The Enforcement Directorate (ED) on Wednesday temporarily sealed the premises of Young Indian (YI) in the Congress-owned National Herald office in Delhi as part of an ongoing money laundering investigation.
The temporary seal has been put in order to "preserve the evidence" which could not be collected as authorised representatives were not present during the raids on Tuesday, PTI quoted sources as saying said. The rest of the National Herald office is open for use, they added.
The notice pasted under signature of the ED investigating officer outside the YI office space said it cannot be opened "without prior permission" from the agency.
Officials said the ED team had emailed the principal officer/incharge of the office to open the premises for it to carry out raids but the response was awaited.
The probe agency took the action a day after the Enforcement Directorate (ED) carried out raids at 12 locations in the national capital and at other places in connection with the National Herald case in which top Congress leaders are accused of violating norms.
After the sealing of the office, the Congress alleged that Delhi Police blocked the road outside the Congress headquarters. "Delhi Police blocking the road to AICC Headquarters has become a norm rather than an exception! Why have they just done so is mysterious...," Congress leader Jairam Ramesh said.

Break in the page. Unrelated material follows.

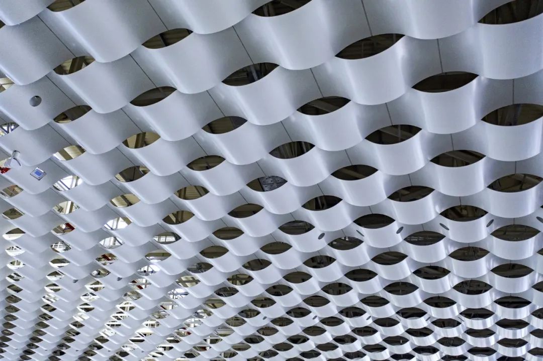 整個(gè)主登錄廳最具特色的當(dāng)屬那50米高空處由1976塊波浪形蜂窩鋁板組成的波浪吊頂。因此,主登錄廳成為了整個(gè)項(xiàng)目精裝修工程中高空頂面最大、施工難度最大、工藝最復(fù)雜的標(biāo)段。
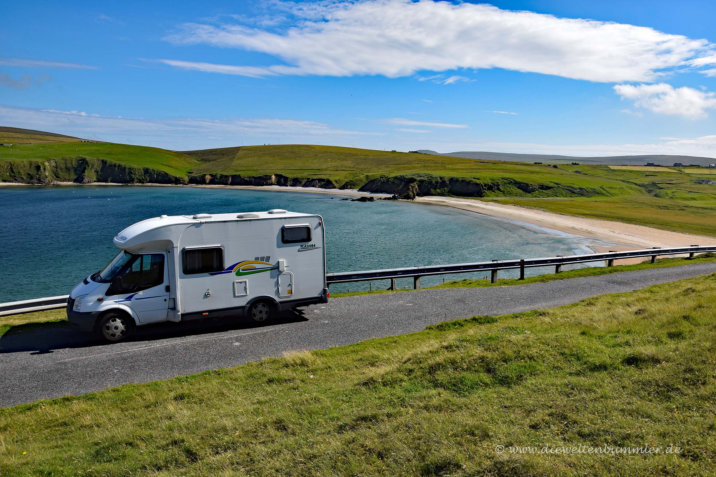 Etwas weiter südlich findet man bei Scousburgh eine weitere schöne Bucht, wo man sogar ganz offiziell mit dem Wohnmobil übernachten darf. Klar, es ist ein Campingplatz, aber ein Campingplatz auf den Shetland-Inseln sieht nun einmal ganz anders aus, als das was man vom europäischen Festland gewohnt ist.

However, a senior Delhi police officer said, "We have received inputs from our special branch that some protesters might gather at the Congress Office situated on Akbar Road. So, as a preventive measure, we have put barricades and deputed our personnel to avoid any untoward situation."
Earlier today, the Congress alleged that the Enforcement Directorate has become a "tool" in the hands of the BJP-led Centre to "destroy" the Opposition parties.
Congress leader in Lok Sabha Adhir Ranjan Chowdhury also said that the party was not being allowed to raise the issue of alleged "misuse" of the ED by the Centre in Parliament.
The National Herald is published by the Associated Journals Ltd. (AJL), and its holding company is Young Indian.
Officers of the federal agency searched the office of the National Herald located in the 'Herald House' building at Bahadur Shah Zafar Marg near ITO in central Delhi. The office is registered in the name of AJL.
According to officials, the location of a shell (dummy) company in Kolkata involved in the case, has also been covered in the raids.
The Congress party had called the ED action against its leaders "political vendetta", saying there was no money laundering in the case.
The Congress party has said it gave a Rs 90 crore loan to an ailing AJL between 2001-02 and 2010-11 and later, in 2011, the shares of AJL were allotted to Young Indian and this debt was converted into equity and the loan was extinguished in the books of the AJL.
The ED claims these transactions attract anti-money laundering charges as a complex web of transactions and routing of funds were undertaken by the party and its leaders to acquire AJL's assets worth multiple crores of rupees.
The Gandhis are understood to have told the ED during their separate questioning sessions that no personal assets were made in the Congress-AJL-National Herald deal as Young Indian was a "not-for-profit" company established under section 25 of the Companies Act.
They also told the ED that AJL continues to have possession of all its assets and Young Indian neither "owns nor controls" these properties.
Sonia Gandhi and Rahul Gandhi are among the promoters and majority shareholders in Young Indian. Like her son, the Congress president also has 38 per cent shareholding.
The ED action in the case was initiated after the agency late last year registered a fresh case under the PMLA after a trial court here took cognisance of an Income Tax department probe against Young Indian based on a private criminal complaint by BJP MP Subramanian Swamy in 2013.
Swamy had accused the Gandhis and others of conspiring to cheat and misappropriate funds, with Young Indian paying only Rs 50 lakh to obtain the right to recover Rs 90.25 crore that Associated Journals Limited owed to the Congress.
In February last year, the Delhi High Court issued a notice to the Gandhis seeking their response to Swamy's plea.
According to the ED, assets worth about Rs 800 crore are "owned" by the AJL and the agency wants to know from the Gandhis how a "not-for-profit company like Young Indian was undertaking commercial activities of renting out its land and building assets".
The Congress party has said that the Income Tax Department has valued AJL's properties at worth about Rs 350 crore.